The full listing is to be transcribed exactly, with each picture left out.

### [SOURCE MATERIAL]

◆ ◆ ◆

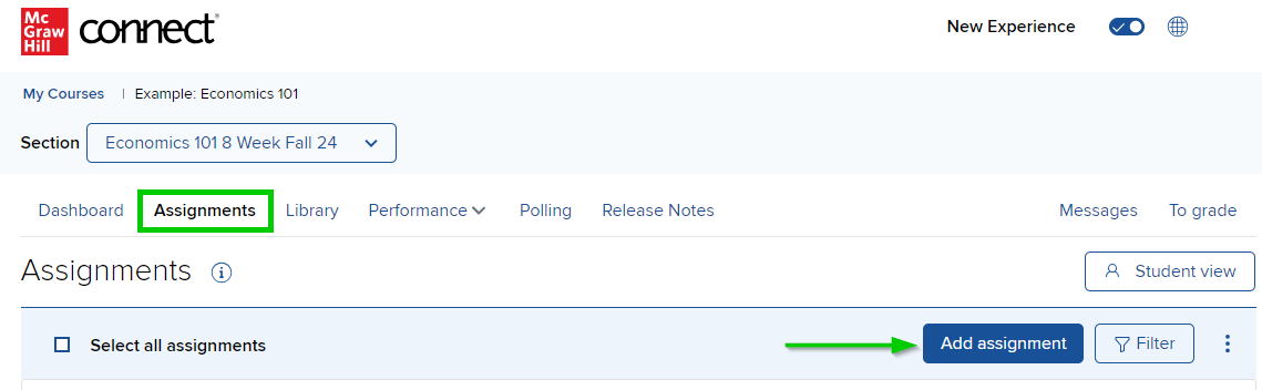 - Click the Add assignment button
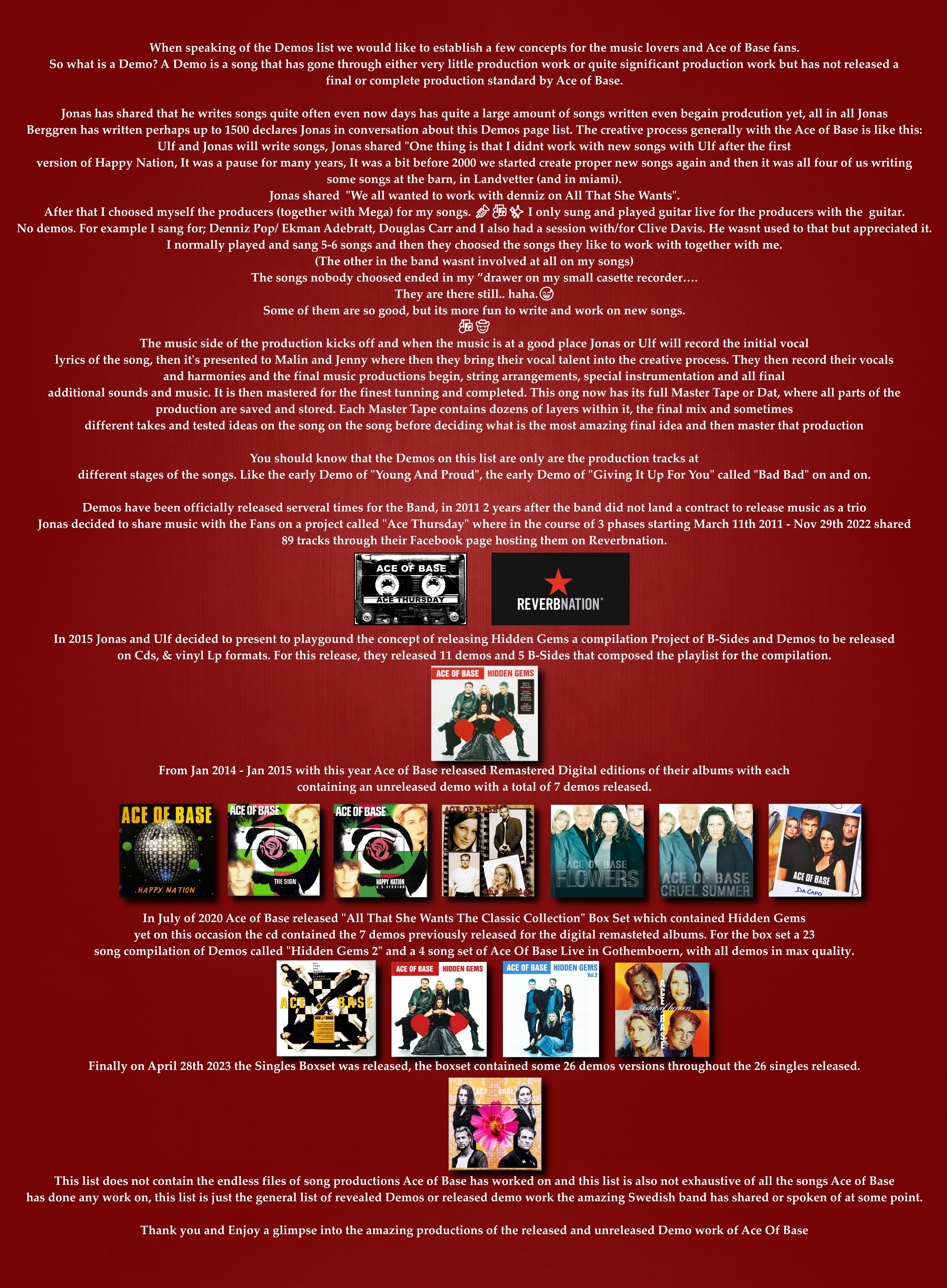All artwork, multimedia files relating to the work of Ace of Base included on these pages is provided for strictly non-profit research.
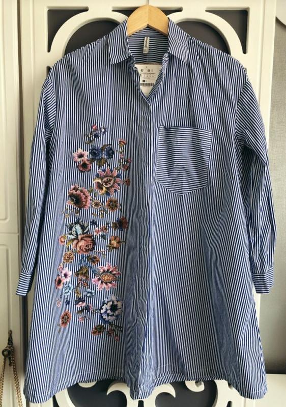 Рубашка платье Stradivarius, с аппликацией, оверсайз, размер S-M
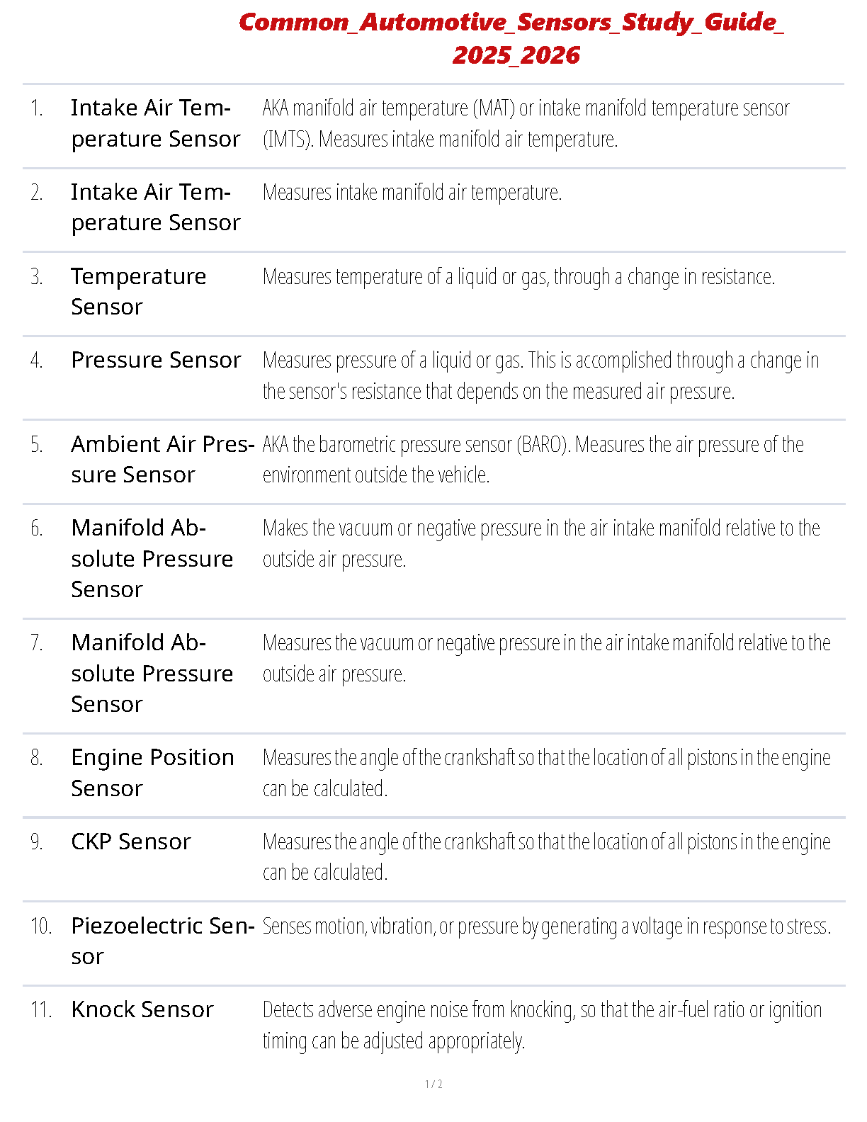 Unlock your potential and ace your automotive exams with our newly released 2025-2026 study guide on common automotive sensors. This guide provides clear, easy-to-understand explanations for crucial components like the Intake Air Temperature (IAT), Manifold Absolute Pressure (MAP), Engine Position (CKP), and Knock Sensors. Designed to help you grasp complex concepts quickly, this resource is your key to passing on the first attempt and avoiding resits. Build a solid foundation in automotive diagnostics and excel in your studies.
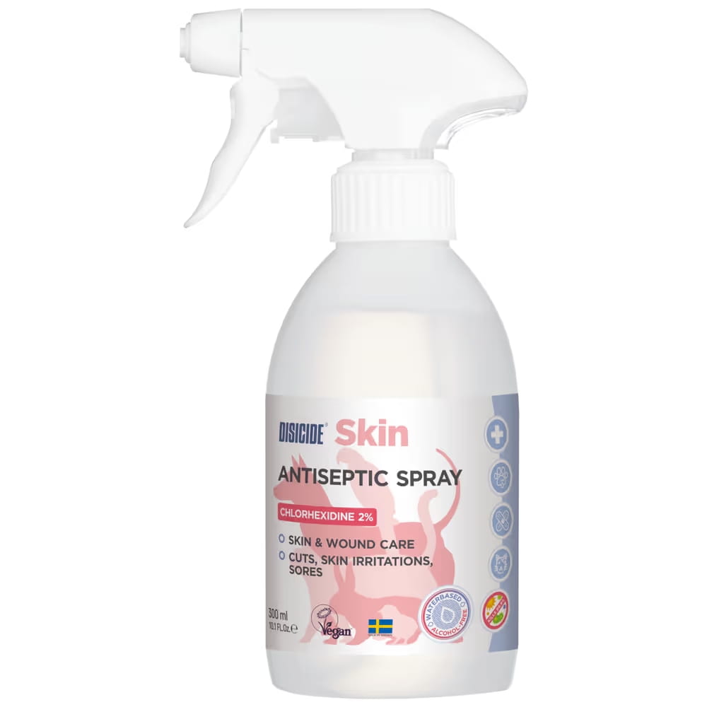 Disicide Skin Chlorhexidine 2% Spray to delikatny, a jednocześnie skuteczny środek do dezynfekcji skóry zwierząt. Dzięki zawartości 2% chlorheksydyny działa antyseptycznie, chroniąc przed rozwojem bakterii i grzybów. Może być stosowany na rany, zadrapania, ukąszenia oraz podrażnienia skórne, wspomagając proces gojenia i zapobiegając infekcjom.
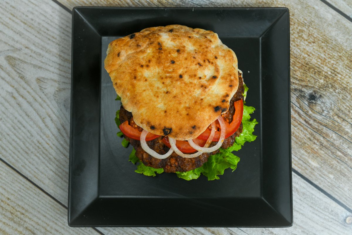 susam zemička, pileći strips sa susamom, tartar sos, grčki sos, paradajz, zelena salata
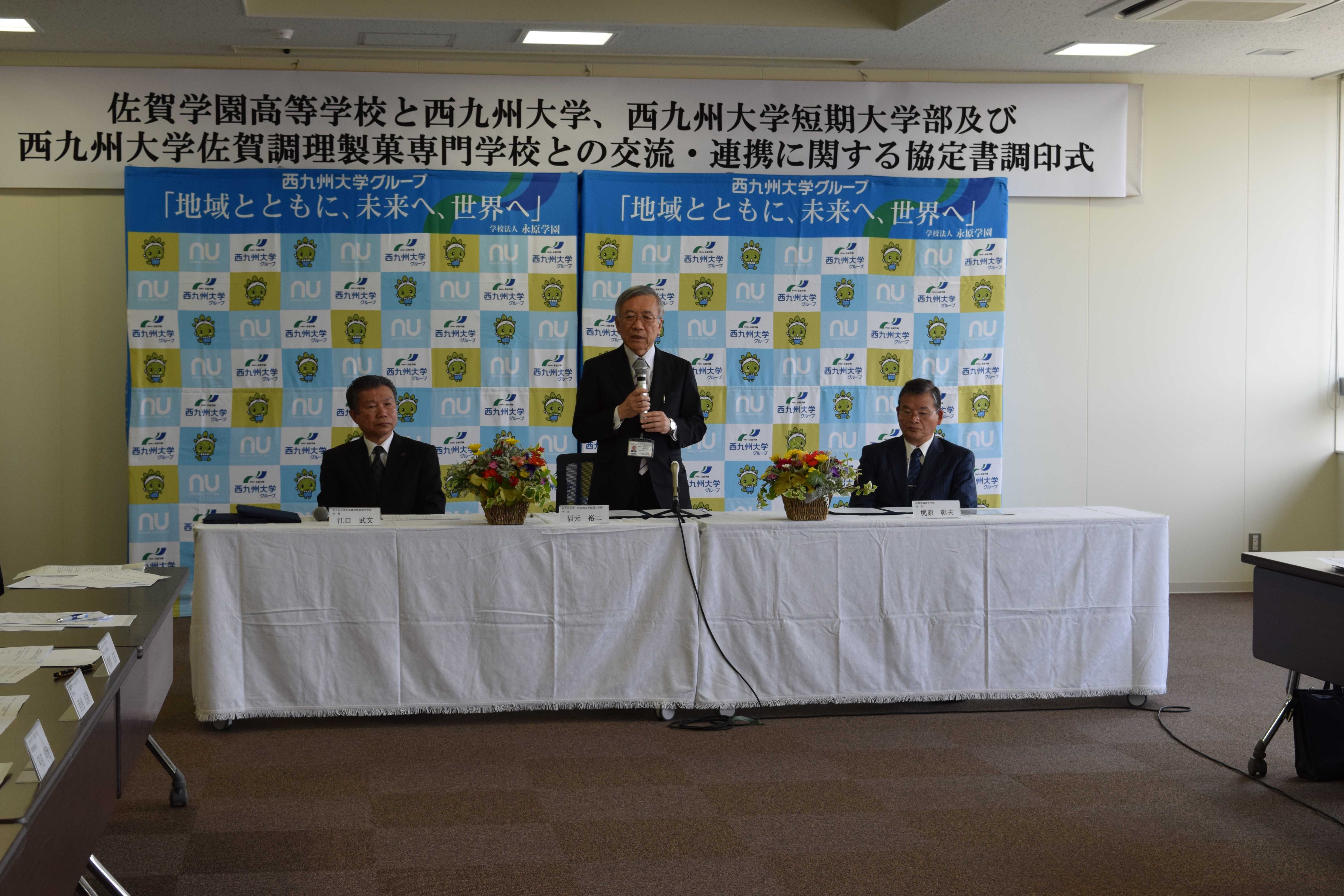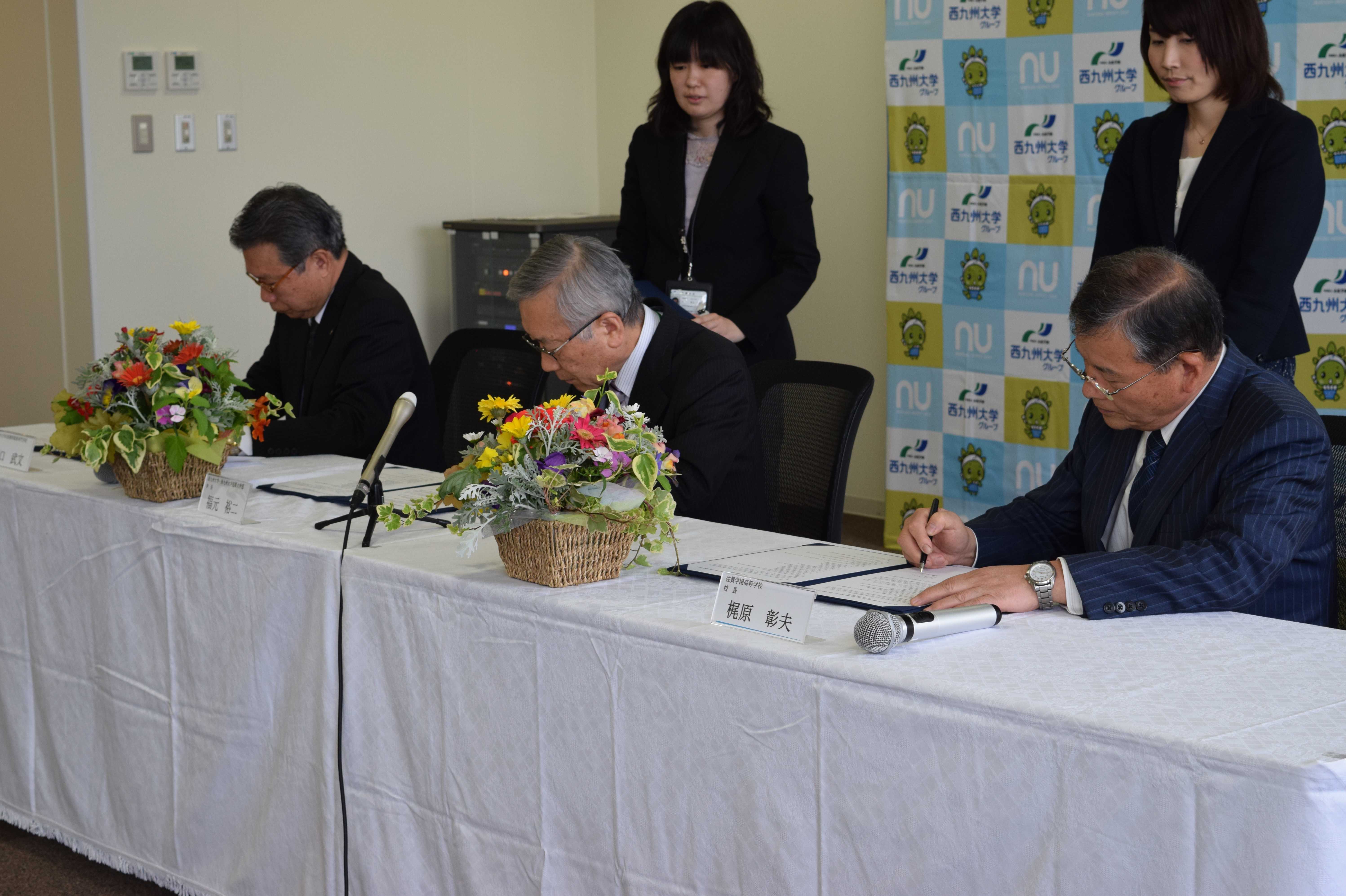 平成29年4月25日(火)に西九州大学佐賀キャンパスにて佐賀学園高等学校と西九州大学グループとの交流・連携に関する協定書調印式が執り行われました。
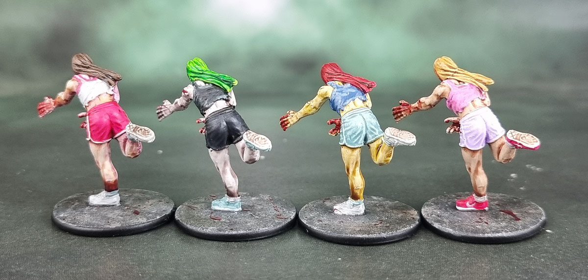So in the time so far this month I started on the other half of my Zombicide 1st Edition Runners. The other 12 of them. Twelve. The second dozen. We have a guy who likes all-Adidas everything, and another who enjoys Jello.
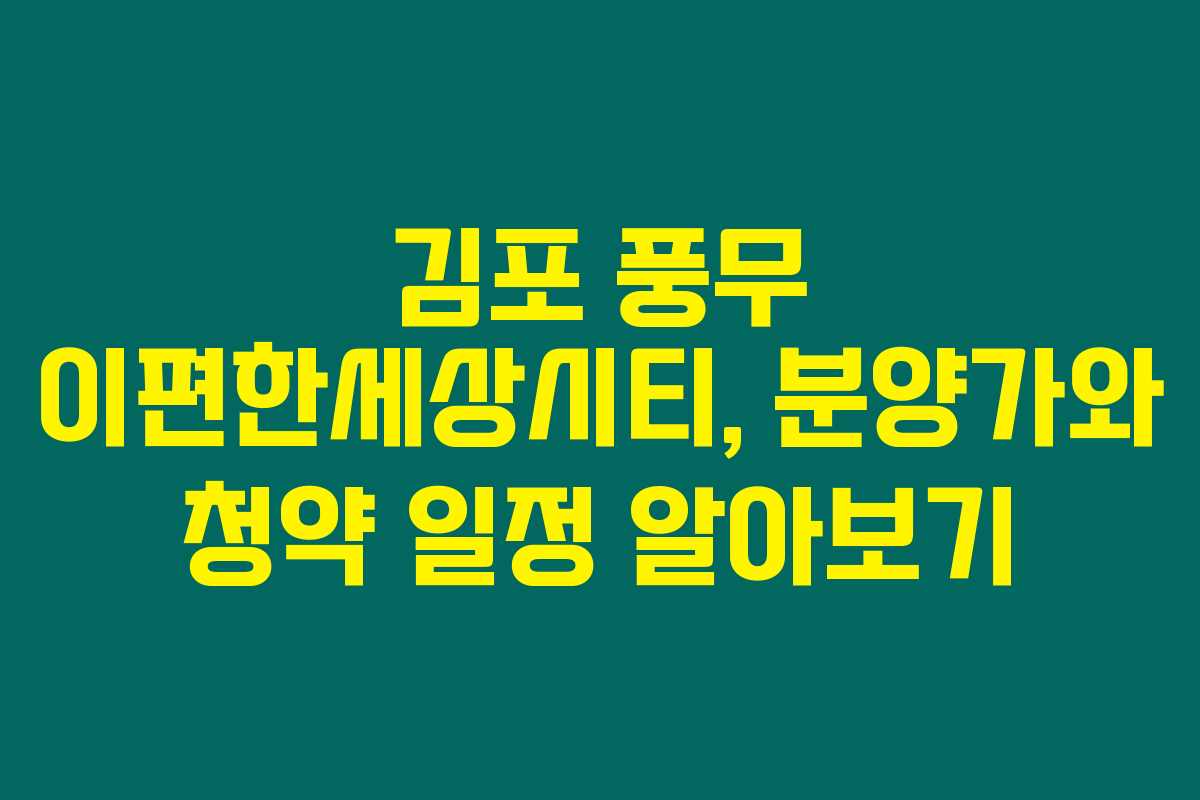 김포 풍무 이편한세상시티, 분양가와 청약 일정 알아보기
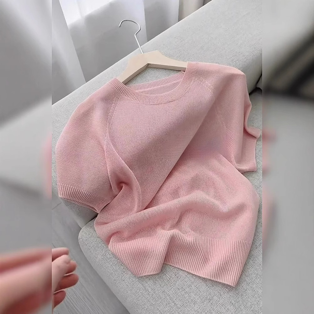 ハイエンドの韓国スタイルのユニークで美しいピンクのアイスシルク半袖Tシャツ、女性用夏の薄手のニットセータートップ
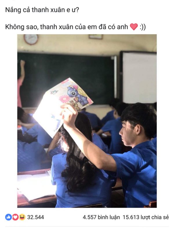 Năm vừa qua, cụm từ “dùng cả thanh xuân” để làm một điều gì đó được rất nhiều bạn trẻ ứng dụng. Cũng từ đây, dân mạng nổ ra rất nhiều trào lưu hài hước ăn theo phim ngôn tình. Một trong số đó là bắt chước cảnh che nắng, mưa của các cặp tình nhân trong phim điện ảnh.
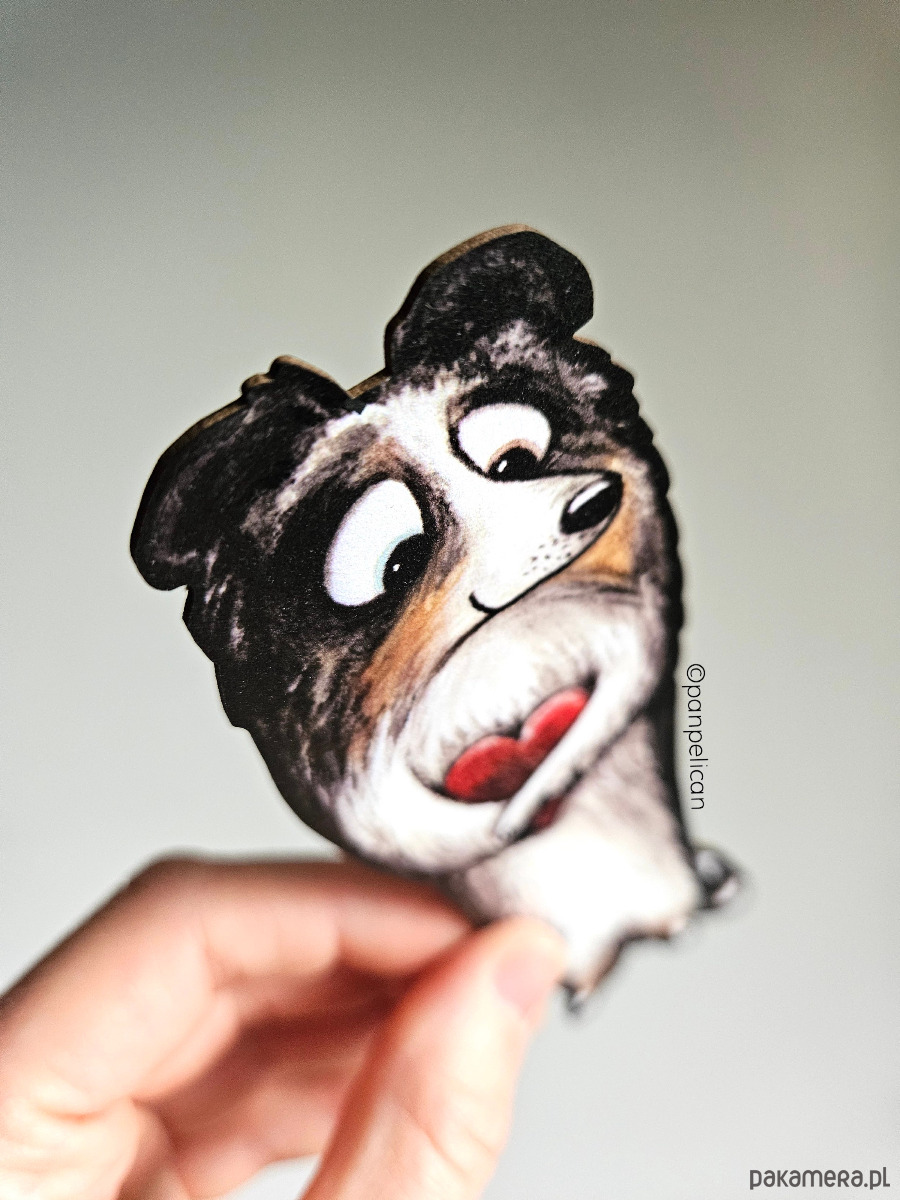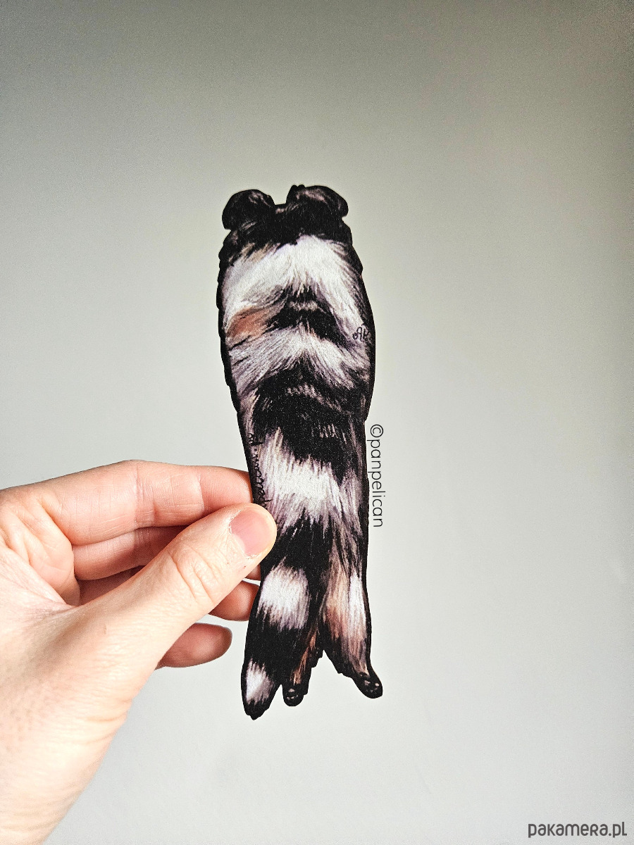 Autorska dwustronna zakładka do książki „Owczarek Szetlandzki Kiara”. Druk na ekotekturze premium, reprodukcja malowanego ręcznie wzoru.
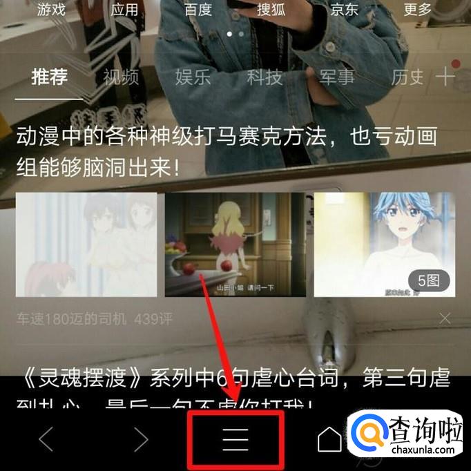首先进入手机QQ浏览器,在首页找到小编标记的按钮,也就是箭头所指的地方。

◆ ◆ ◆

### [ANSWER AREA]
 - Click the Add assignment button
All artwork, multimedia files relating to the work of Ace of Base included on these pages is provided for strictly non-profit research.
 Рубашка платье Stradivarius, с аппликацией, оверсайз, размер S-M
 Unlock your potential and ace your automotive exams with our newly released 2025-2026 study guide on common automotive sensors. This guide provides clear, easy-to-understand explanations for crucial components like the Intake Air Temperature (IAT), Manifold Absolute Pressure (MAP), Engine Position (CKP), and Knock Sensors. Designed to help you grasp complex concepts quickly, this resource is your key to passing on the first attempt and avoiding resits. Build a solid foundation in automotive diagnostics and excel in your studies.
 Disicide Skin Chlorhexidine 2% Spray to delikatny, a jednocześnie skuteczny środek do dezynfekcji skóry zwierząt. Dzięki zawartości 2% chlorheksydyny działa antyseptycznie, chroniąc przed rozwojem bakterii i grzybów. Może być stosowany na rany, zadrapania, ukąszenia oraz podrażnienia skórne, wspomagając proces gojenia i zapobiegając infekcjom.
 susam zemička, pileći strips sa susamom, tartar sos, grčki sos, paradajz, zelena salata
 平成29年4月25日(火)に西九州大学佐賀キャンパスにて佐賀学園高等学校と西九州大学グループとの交流・連携に関する協定書調印式が執り行われました。
So in the time so far this month I started on the other half of my Zombicide 1st Edition Runners. The other 12 of them. Twelve. The second dozen. We have a guy who likes all-Adidas everything, and another who enjoys Jello.
 김포 풍무 이편한세상시티, 분양가와 청약 일정 알아보기
 ハイエンドの韓国スタイルのユニークで美しいピンクのアイスシルク半袖Tシャツ、女性用夏の薄手のニットセータートップ
 Năm vừa qua, cụm từ “dùng cả thanh xuân” để làm một điều gì đó được rất nhiều bạn trẻ ứng dụng. Cũng từ đây, dân mạng nổ ra rất nhiều trào lưu hài hước ăn theo phim ngôn tình. Một trong số đó là bắt chước cảnh che nắng, mưa của các cặp tình nhân trong phim điện ảnh.
 Autorska dwustronna zakładka do książki „Owczarek Szetlandzki Kiara”. Druk na ekotekturze premium, reprodukcja malowanego ręcznie wzoru.
首先进入手机QQ浏览器,在首页找到小编标记的按钮,也就是箭头所指的地方。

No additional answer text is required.